Home > Reviews > JOKER – Hildur Guðnadóttir

JOKER – Hildur Guðnadóttir

Original Review by Jonathan Broxton

In this era where super hero movies are a dime a dozen, where in the past 30 years we’ve had at least three Supermen, five Batmen, three Spider-Men, and innumerable iterations of other DC and Marvel comic book characters, it was only a matter of time before someone tried to do something completely out-of-the-box different. While the majority of these films concentrate on the heroes, perhaps the most iconic villain in all of comic book history is the Joker, the long-standing nemesis of Batman. He has been portrayed on film multiple times himself; by Cesar Romero in 1966, by Jack Nicholson in 1989, by Heath Ledger in 2008, and by Jared Leto most recently in 2016, with Ledger’s Oscar-winning performance in The Dark Knight coming to be considered the gold standard. There have been multiple origin stories for the character, but he has never been the sole focus of a film before – until now.

Joker, which was directed by Todd Phillips and written by Phillips with Scott Silver, is a super hero film without any super heroes, a comic book film set very firmly in something approaching real life. Batman exists in this world – or, at least, he will – but anyone expecting a traditional DC film will be sorely, sorely mistaken. It’s a bleak, dark, violent, nihilistic look at mental illness and how it is exacerbated by a world that doesn’t give a crap. It’s a film that invites you to empathize with the genuinely heartbreaking plight of a social outcast, someone who has been dealt the worst possible hand at every point in his life, but then turns around and asks you to consider cheering when that outcast turns to violent vigilantism in the worst possible way. It’s a combination of Martin Scorsese – think Taxi Driver and The King of Comedy – and Michael Winner’s Death Wish, if Charles Bronson wore clown makeup and suffered a psychotic break. Is this person a hero or a villain? Do his shitty circumstances make his reaction to them understandable, or is he just an unstable mass shooter wannabe who needs to be stopped rather than satiated? It’s a tough conversation, made more difficult by the fact that Joker offers no easy answers. The film is anchored by Joaquin Phoenix’s riveting lead performance, who makes his Joker a mess of protruding ribs, mirthless laughter, and twitchy chain-smoking anxiety.

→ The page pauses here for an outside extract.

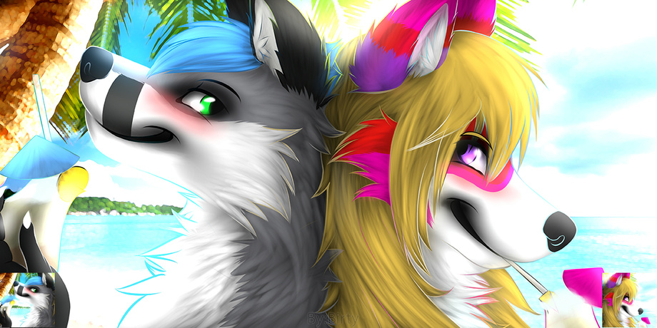 Here you see Takum and Solar relaxing on the beach back to back enjoying a nice drink. Could the blush be from the drink, No one knows. >:3

The film is very stylish from a visual standpoint, boasting beautifully de-saturated cinematography by Lawrence Sher, and uncomfortably grimy production design by Mark Friedberg, but perhaps the most important technical aspect of the film is the score by Icelandic composer Hildur Guðnadóttir. Anyone who reads this website regularly knows that I have been tough on Guðnadóttir’s music; I didn’t particularly like any of the work she did with the late Jóhann Jóhansson on things like Mary Magdalene, I thought her score for the Sicario sequel Day of the Soldado was a weak follow up to the original, and I thought her Emmy-winning score for Chernobyl was appalling. She has always struck me as a composer whose natural musical tendencies are the polar opposite to mine, in that they lack the emotional content I crave, she tends to favor drones and simple rhythms over identifiable melodies, and it is usually limited in its instrumental palette to little more than synths and sometimes a solo cello. I hate writing things like this about Guðnadóttir especially, because God knows we need more successful female film composers in the world, but I have to be fair with both my praise and my criticism, irrespective of the composer’s gender, and my taste is my taste.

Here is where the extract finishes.